归真没有问到这人背后的主使,心中却有了个答案。他不声张,只是劝梁裕安,既然仇人已死,往事已矣,就开始新生活吧。转头,归真就开始和城守斡旋,说归灵村是愿意收归官府的,但是官府要拿出相应的诚意来。既要以诚待人,对待百姓也不能有分别之心。
这一谈,又是数日。
也不知怎么,齐贡开始见城守。再渐渐地,城守和齐贡有了口头协定,村子里传出话说祖宗保佑,以后村子就是官家的了。
“本也不是草寇,就是官家的。”归真笑道。
归真此时已经在建设道场了,老是窝在大长老家里也说不过去。齐家已经挤了五个外姓人了,再挤下去还不如开个客栈来得舒坦。
“等这边建好了,孩子们就能来这里读书了。”谦慈说,“城里老爷说,会给孩子们捐些书本毛笔。”
时过境迁,道场也不再是谦慈和归真主持了,一切都物是人非。只有年年七月十五那阵子,万里和梁柯依旧回来主持祭祀。
现在,万里是那个法眼了,每年,也可以到山上去。
祭祀结束以后,总是梁柯要先回去。万里留在道场里,给两个代理主人讲课,教他们如何经营,如何处事,什么样的人怎么招待,并不事无巨细,而是通过归真留下的《道场常规》去衍生解释。
“读书明理是重要的,因为不明理,就不能叫会做人。”万里说,“可是明理有时候又是极其次要的。理看似牢不可破,却存在漏洞。因为遵从理的是人,人,并不是把他放进一个模子里刻,就能刻出一模一样的人来。就是亲兄弟亲姐妹,也必然有一两处不一样。人要学会守规矩,然后学会从规矩里跳出来。这世上问题那么多,哪能一一去解决,有的时候不要盯着问题不放。烦恼时,就去大声朗诵念书。心境提升了,问题便不是问题了。”
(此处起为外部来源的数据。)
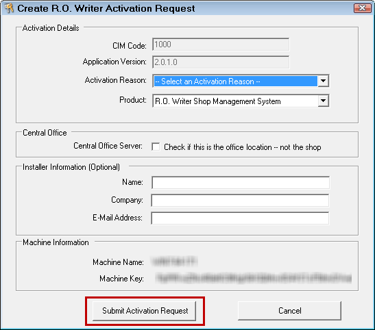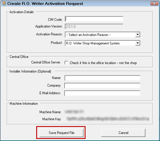 If your licensing details (e.g., shop address, additional features, new functionality, etc.) change, contact the R.O. Writer Sales department. They will update your CIM code in the R.O. Writer licensing server.

姚文笑道:“学长说得轻巧。这等境界,可要修多久才能达到呢?”
万里拍拍姚文的肩说:“一个念头转化过来,就是换了一个境界。”
何巧菱和梁裕安也做过归真和谦慈的学生,很欣慰万里的思考和言辞。因为道场刚刚开起来的时候,两人还在犹豫未来要怎么过,要留在道场中做事,还是到外面去打拼。若是要去外面做事,自己手上也没有什么钱了。若是一直留在道场之中,实在又觉得有些闷。